序盤のスミスの2つのフォルスショットは、クリス・ウークスによる同じオーバーで起こったもので、1つのボールは内側にシームし、もう1つのボールは外側にシームしていたことは注目に値する。したがって、もしイングランドのシーマーが来週、スミスが最初にクリースに到着したとき、一貫して同じ場所にボールを置き、ボールが両方向にシームするようにできれば、インサイドエッジとアウトサイドエッジの両方をプレーに持ち込める可能性がある。

しかし、2015年のアッシュズ第1戦以降、スミスはテストマッチでシーマーのアウトサイドエッジに10回捕まっているが、バーミンガムでのイングランドのボーリングの様子から、これはすでに彼らの重要な戦術のひとつだったことがわかる。

この試合、シーマーがスミスに送ったデリバリーの91%はオフ・スタンプの外側を狙ったもので、それらが長さを外しても、スミスは44.8のストライクレートで56ランを記録した。さらに不吉なことに、シーマーの長さが合わなかったときの得点率は65を超えた。

来週はプレーコンディションが異なる可能性が高いが、イングランドはシーマーがスミスを安く退場させるために、序盤に誤ったショットをさせることを望むだろう。

リーチが弱点を露呈する可能性は?

このテスト後のもう一つの重要な話題は、スミスの武器における潜在的な弱点を狙うために、ロードスで左腕スピナーを起用する可能性があるということだ。
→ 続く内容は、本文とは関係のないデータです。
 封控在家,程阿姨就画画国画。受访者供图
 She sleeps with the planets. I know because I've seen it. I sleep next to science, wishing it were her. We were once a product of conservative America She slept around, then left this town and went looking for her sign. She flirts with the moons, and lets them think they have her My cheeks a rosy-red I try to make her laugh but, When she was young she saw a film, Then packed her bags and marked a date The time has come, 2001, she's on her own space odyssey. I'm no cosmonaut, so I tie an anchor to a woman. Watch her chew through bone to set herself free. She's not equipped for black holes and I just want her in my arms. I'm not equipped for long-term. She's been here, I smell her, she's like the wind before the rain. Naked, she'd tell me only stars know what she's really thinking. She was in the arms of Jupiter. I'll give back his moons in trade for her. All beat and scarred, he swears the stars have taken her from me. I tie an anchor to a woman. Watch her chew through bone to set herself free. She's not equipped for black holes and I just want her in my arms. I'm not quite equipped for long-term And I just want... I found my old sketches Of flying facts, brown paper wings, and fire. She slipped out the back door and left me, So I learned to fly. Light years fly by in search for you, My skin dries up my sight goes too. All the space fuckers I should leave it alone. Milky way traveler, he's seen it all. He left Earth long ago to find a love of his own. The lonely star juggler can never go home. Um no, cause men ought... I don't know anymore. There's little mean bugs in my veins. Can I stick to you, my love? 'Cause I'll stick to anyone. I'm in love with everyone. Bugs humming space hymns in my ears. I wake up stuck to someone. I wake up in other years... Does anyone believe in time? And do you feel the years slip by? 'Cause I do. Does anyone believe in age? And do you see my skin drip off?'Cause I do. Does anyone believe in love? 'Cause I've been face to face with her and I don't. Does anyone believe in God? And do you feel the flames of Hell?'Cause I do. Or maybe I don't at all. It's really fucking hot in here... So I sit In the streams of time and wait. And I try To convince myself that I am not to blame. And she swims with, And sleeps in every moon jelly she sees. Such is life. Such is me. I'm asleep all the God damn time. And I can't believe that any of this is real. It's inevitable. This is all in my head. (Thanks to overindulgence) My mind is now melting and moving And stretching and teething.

2015年のAshes開幕以来、彼がプレーした37のテストでは、左腕スピンに17回退場させられている。

この時期のスミスのファーストクラスの記録を見ると、右腕スピナーやシーマーに比べ、左腕スピンに対するフォルスショットが多いことがわかる。加えて、特に右腕スピンと比較すると、彼のストライク率は大幅に低下し、1回の退場につき平均68デリリースを記録している。

この数字は、ジャック・リーチが選出に値することを示しているが、しかし、この数字には注意点がある。スミスの17失策のうち、3分の2近くは亜大陸でのものだ。亜大陸を離れれば、彼のストライク率(55.2)とフォルスショット(11.7%)の数字は高くなるが、1回の退場あたりの平均ボール数は60球台半ばにとどまっている。
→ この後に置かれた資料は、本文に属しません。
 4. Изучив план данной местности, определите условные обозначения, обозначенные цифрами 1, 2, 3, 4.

現在の彼の調子を考えれば、左腕スピナーが入ったからといって彼の調子が落ちると考えるのはナイーブだろうが、3日目の最終セッションの短い時間帯を除いて、両イニングを通じて71オーバーという長時間に渡って彼を動揺させる方法を見つけるのに苦労したイングランドの攻撃には、新たな一面を提供することになるだろう。